Summary judgment "should be rendered if the pleadings, the discovery and disclosure materials on file, and any affidavits show that there is no genuine issue as to any material fact and that the movant is entitled to judgment as a matter of law." Fed. R. Civ. P. 56(c). Any discrepancies in the factual record should be evaluated in the non-movant's favor. Anderson v. Liberty Lobby, Inc., 477 U.S. 242, 255 (1986) (citing Adickes v. S.H. Kress & Co., 398 U.S. 144, 158-59 (1970)). The party moving for summary judgment must show the lack of a genuine issue of material fact. Celotex Corp. v. Catrett, 477 U.S. 317, 323 (1986). "Only disputes over facts that might affect the outcome of the suit under the governing law will properly preclude the entry of summary judgment." Anderson, 477 U.S. at 248.

"Summary judgment is the 'put up or shut up' moment in a lawsuit, when a party must show what evidence it has that would convince a trier of fact to accept its version of events. Johnson v. Cambridge Indus., Inc., 325 F.3d 892, 901 (7th Cir. 2000). A party opposing summary judgment bears the burden to respond, not simply by resting on its own pleading but by "set[ting] out specific facts showing a genuine issue for trial." See Fed. R. Civ. P. 56(e). In order to be a "genuine" issue, there must be more than "some metaphysical doubt as to the material facts." Matsushita Elec. Ind. Co. v. Zenith Radio Corp., 475 U.S. 574, 586 (1986). "If [the non-movant] does not [meet his burden], summary judgment should, if appropriate, be entered against [the non-movant]." Fed. R. Civ. P. 56(e). Further, "[t]he plaintiff cannot merely allege the existence of a factual dispute to defeat summary judgment .. Instead, he must supply evidence sufficient to allow a jury to render a verdict in his favor." Basith v. Cook County, 241 F.3d 919, 926 (7th Cir. 2001). Specifically, the non-moving party "must present sufficient evidence to show the existence of each element of its case on which it will bear the burden at trial." Filipovic v.
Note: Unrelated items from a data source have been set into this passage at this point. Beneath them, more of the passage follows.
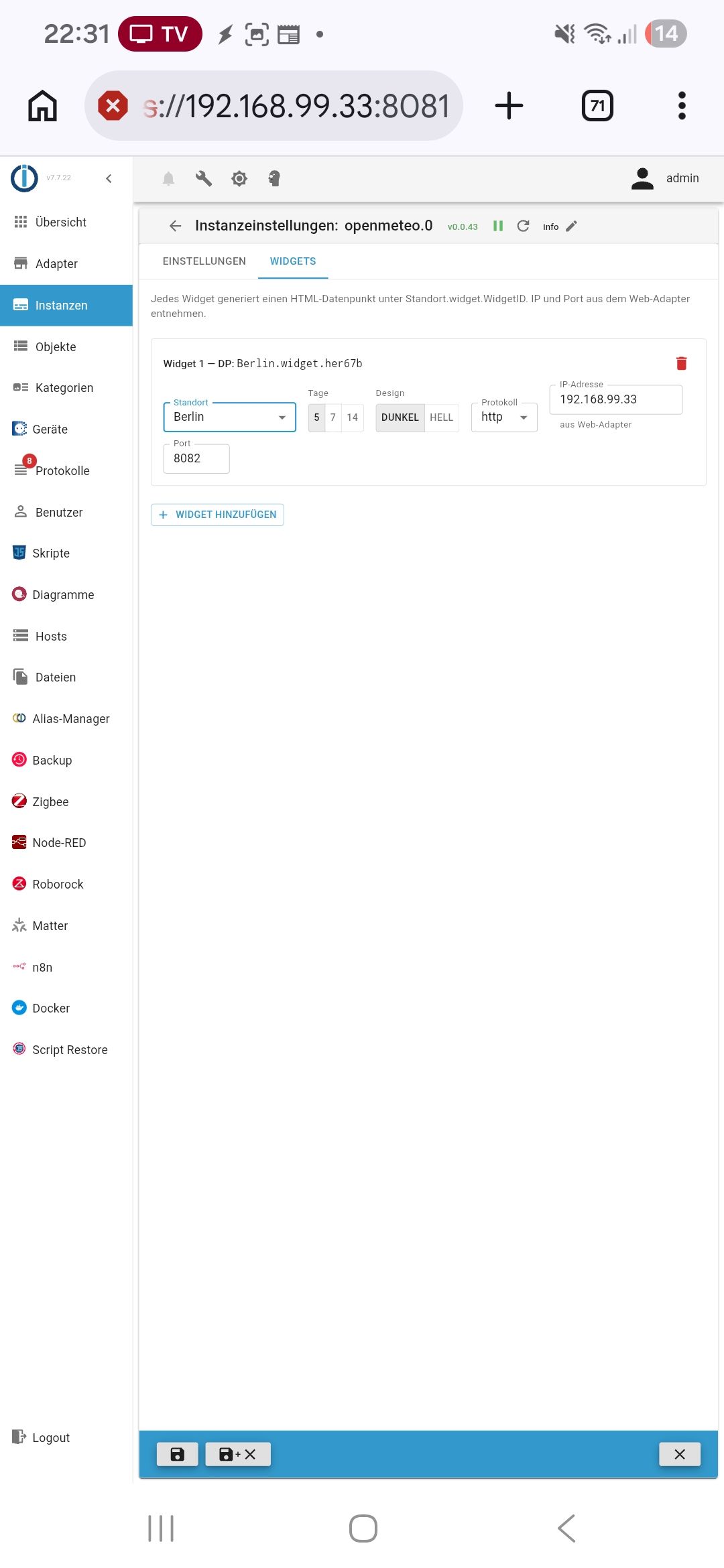 Hinweis: Im Latest-Repository gibt es bereits einen anderen openmeteo-Adapter — dann gibt's jetzt zwei. 😋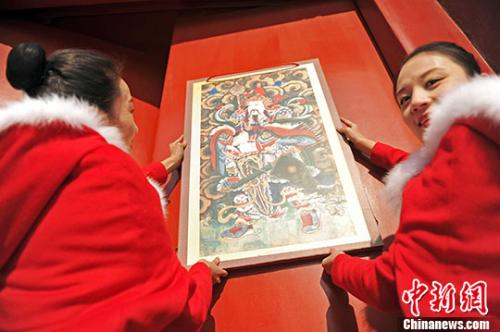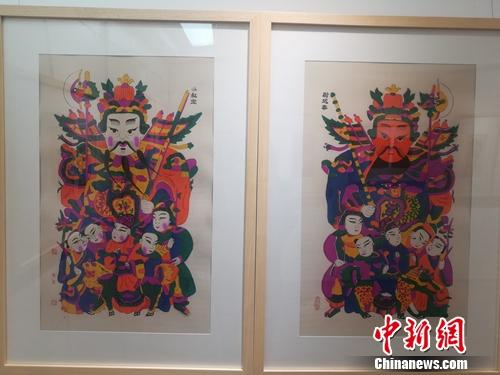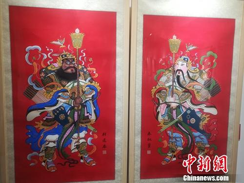 中新网客户端北京2月4日电(记者 上官云)在传统年节中,古人往往要郑重其事的在大门贴上门神画,以求驱邪避灾。瞧着门神威武的样子,仿佛心里也踏实了许多。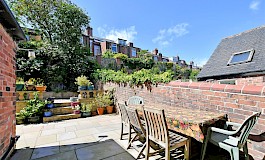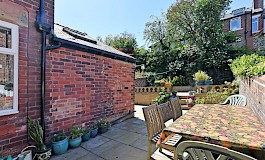 The rear garden offers a good degree of privacy, is fully enclosed and low maintenance with tiered flagged patios areas.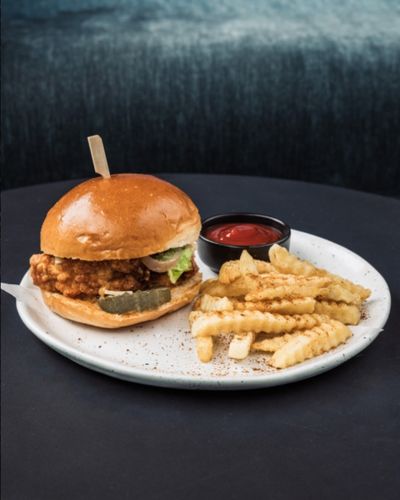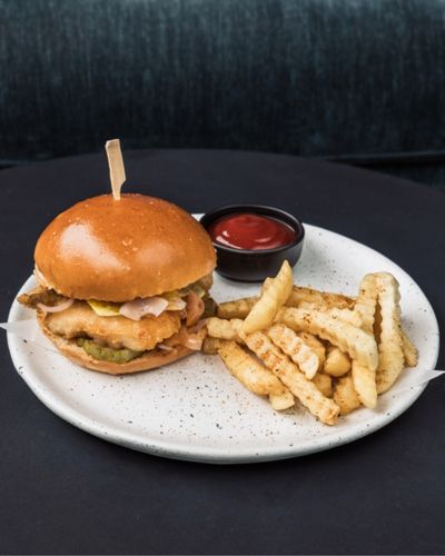 Fried marinated chicken, cheese, pickled red onion and cucumber, burger sauce, iceberg lettuce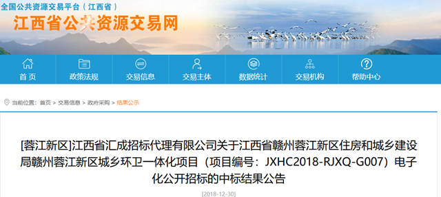 江西省贛州蓉江新區(qū)城鄉(xiāng)環(huán)衛(wèi)一體化項(xiàng)目發(fā)布中標(biāo)結(jié)果公告,龍馬環(huán)衛(wèi)和中聯(lián)環(huán)境分獲一、二標(biāo)段。其中,一標(biāo)段中標(biāo)金額達(dá)1.08億,二標(biāo)段中標(biāo)金額達(dá)1.15億,項(xiàng)目總金額達(dá)2.23億。 12月6日,該項(xiàng)目發(fā)布招標(biāo)公告,根據(jù)公告顯示,項(xiàng)目的招標(biāo)內(nèi)容如下: 原標(biāo)題:江西贛州城鄉(xiāng)環(huán)衛(wèi)一體化項(xiàng)目結(jié)果發(fā)布,龍馬、中聯(lián)分...

K&R Express Systems, Inc., 176 F.3d 390, 390 (7th Cir. 1999). Failure by the non-movant to meet all of the above requirements subjects him to summary judgment on his claims.

Affidavits must be based on the personal knowledge of the affiant and "set out facts that would be admissible in evidence." Fed. R. Civ. P. 56(e) (emphasis added). Personal knowledge may include inferences and opinions drawn from those facts. Visser v. Packer Eng. Assoc., Inc., 924 F.2d 655, 659 (7th Cir. 1991). "But the inferences and opinions must be grounded in observation or other first-hand personal experience. They must not be based on flights of fancy, speculations, hunches, intuitions or rumors remote from that experience." Visser, 924 F.2d at 659.

Background

Plaintiff is civilly committed to the custody of the Illinois Department of Human Services ("Department") pursuant to the Sexually Violent Persons Commitment Act, 725 Ill. Comp. Stat. Ann. 207/1 et seq. (West 2008) ("SVP Act"). Plaintiff brings this civil rights action against Eugene McAdory ("McAdory"), a former shift commander, concerning events that occurred at the Rushville Treatment & Detention Facility ("Rushville Facility") on March 12, 2007. On that date, McAdory ordered Plaintiff, along with several other resident dietary workers, to be placed in handcuff restraints for approximately 10-15 minutes after they had become disruptive in response to staff inquiries related to ongoing food shortage problems at the Rushville Facility. Plaintiff claims that McAdory's actions were arbitrary or excessively punitive and that they constituted battery.

Undisputed Material Facts

1. Plaintiff is civilly committed to the custody of the Department pursuant to the SVP Act. (Defs.' Ex. B; Tittelbach Dep. Trans. dated Feb. 26, 2009, p. 38, line 23 - p. 39, line 13, attached hereto.)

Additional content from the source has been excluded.